Results and Recommendations

These findings may seem to raise serious doubt about the effectiveness of linked open data, given these gaps. But the Semantic Web is happening and continues to evolve. As information professionals we are only too aware that the majority of information seekers, including students and researchers expressly generating new knowledge, use internet search as a–if not primary, then at least a preliminary–means to connect with resources. We need to meet users where they are at and ensure that the breadth of materials available can actually be found through search and try to close the gaps in both coverage and discoverability on the web. Knowing that these gaps exist, linked open data can instead be seen as an opportunity to actively reshape the landscape of data linkages across the cultural spectrum.

There are two areas of focus I see for us as a community of practitioners to begin addressing these gaps:

  1. The development of open platforms and tools to facilitate the expansion of terms that can be found in the linked open data cloud, for example, the enablement of archives and libraries to contribute their local controlled vocabularies;
  2. Education about the gaps and biases that exist in datasets, and in the case of linked open data, the importance of contributing knowledge to safeguard against the further amplification and privileging of some narratives before others that can occur through the fact that linked open data enables reuse.
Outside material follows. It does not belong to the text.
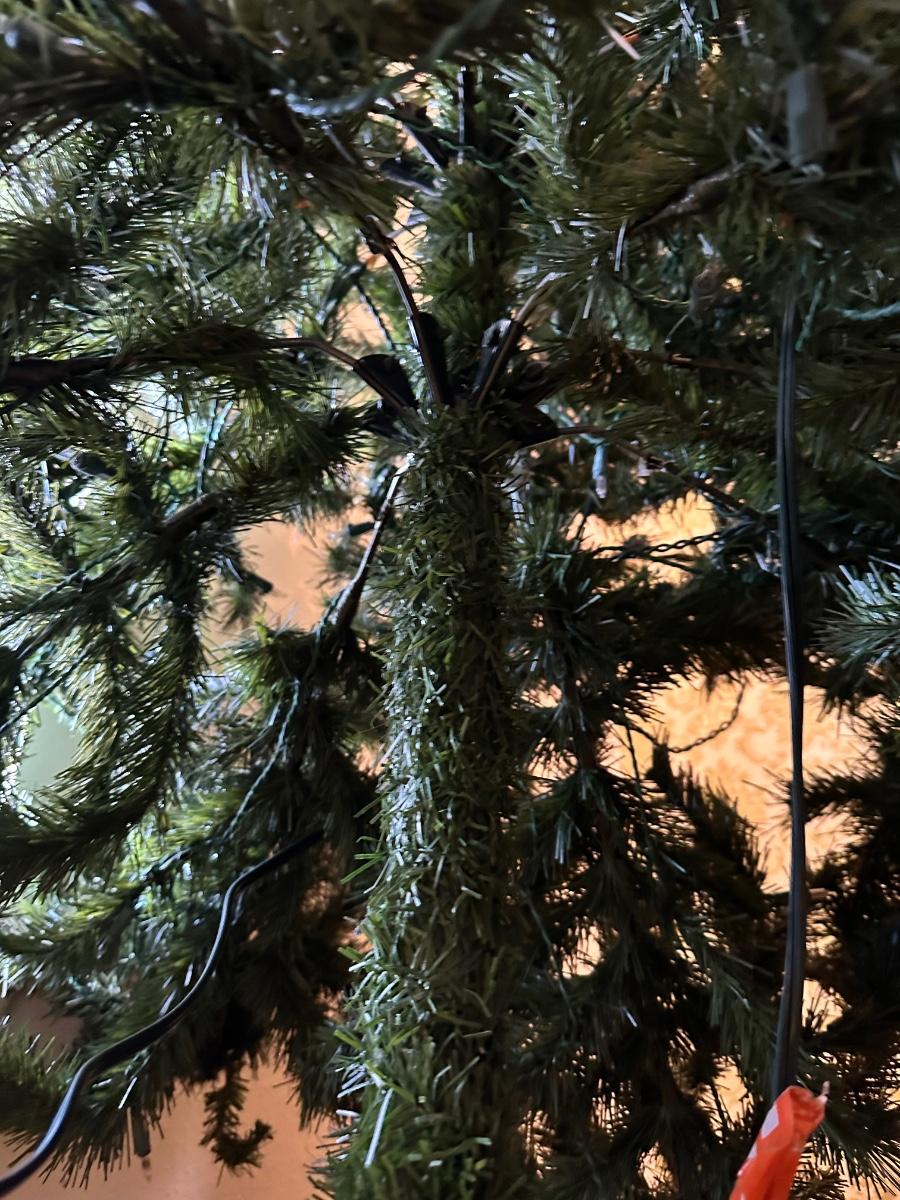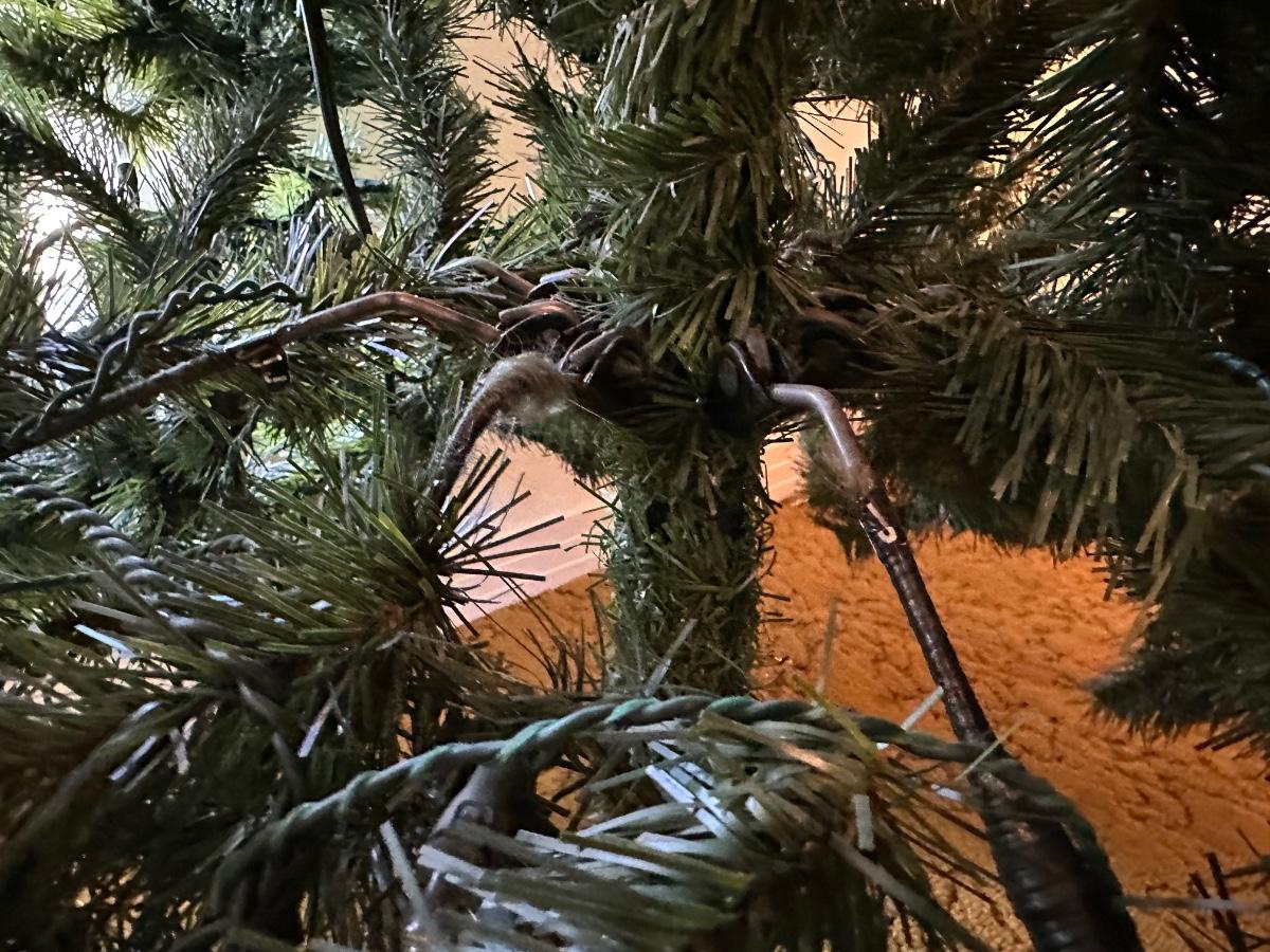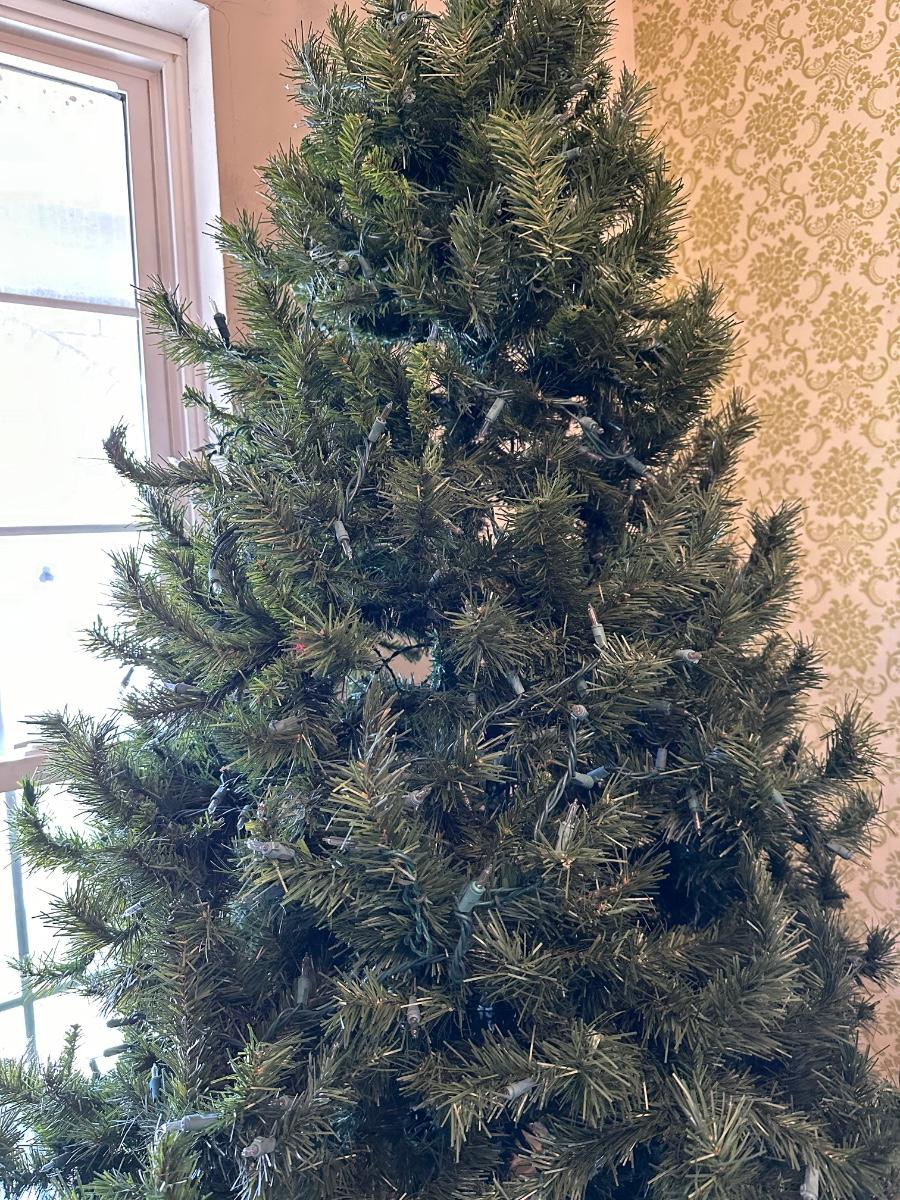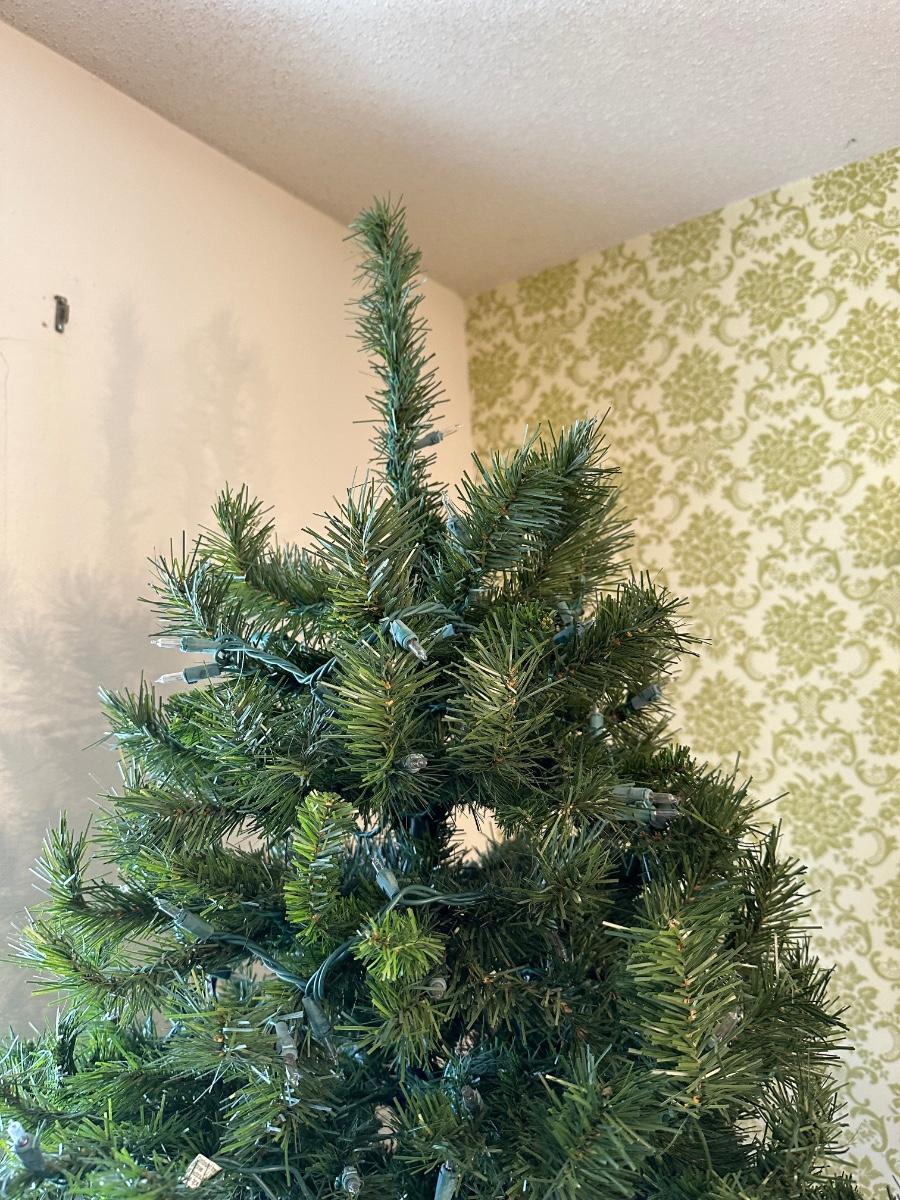 The 7’ foot tree sits on a 360 degree rotating Christmas tree stand.

As open platforms for contributing knowledge, Wikidata and Wikipedia clearly provide a strong means for mending these gaps.4 [10] It is an advantage, as well, that linked open data is automatically generated when articles and records are submitted without requiring any technical knowledge of how to create linked open data. Currently, however, the actual writing of articles and contribution of data remain relatively steep learning curves. The development of simpler tools and especially tools that accommodate typical cataloging workflows, such as building the capability to contribute vocabularies to Wikidata/Wikipedia into collection management software, would help support these activities.  In terms of outreach, we should raise awareness that in contributing knowledge through such platforms, we are not only mending gaps in knowledge, but we are also building a more inclusive graph of knowledge for others to connect up with and connect into to ensure a more diverse information landscape on the web.

Footnotes

  1. https://www.getty.edu/research/tools/vocabularies/ulan/index.html
  2. The details of the project itself can be read in my final blogpost for the project “The Vision of Linked Open Data: Martin Wong and the METRO Network”, August 17, 2017 (https://mnylc.org/fellows/2017/08/03/lod_metro/ [11]). I have also written a blogpost on using OpenRefine’s reconciliation services here: (https://mnylc.org/fellows/2017/03/17/using-openrefine-to-reconcile-name-entities/ [12])
  3. For ULAN and LCNAF, reconciliation was performed by retrieving linked data for names from the Virtual International Authority File (VIAF), which links records for a person or title from many different national libraries and similar databases into a single cluster record. [13]
  4. Another example of an open platform for the creation of linked open data that I have worked with would be the more music domain-specific database MusicBrainz [14].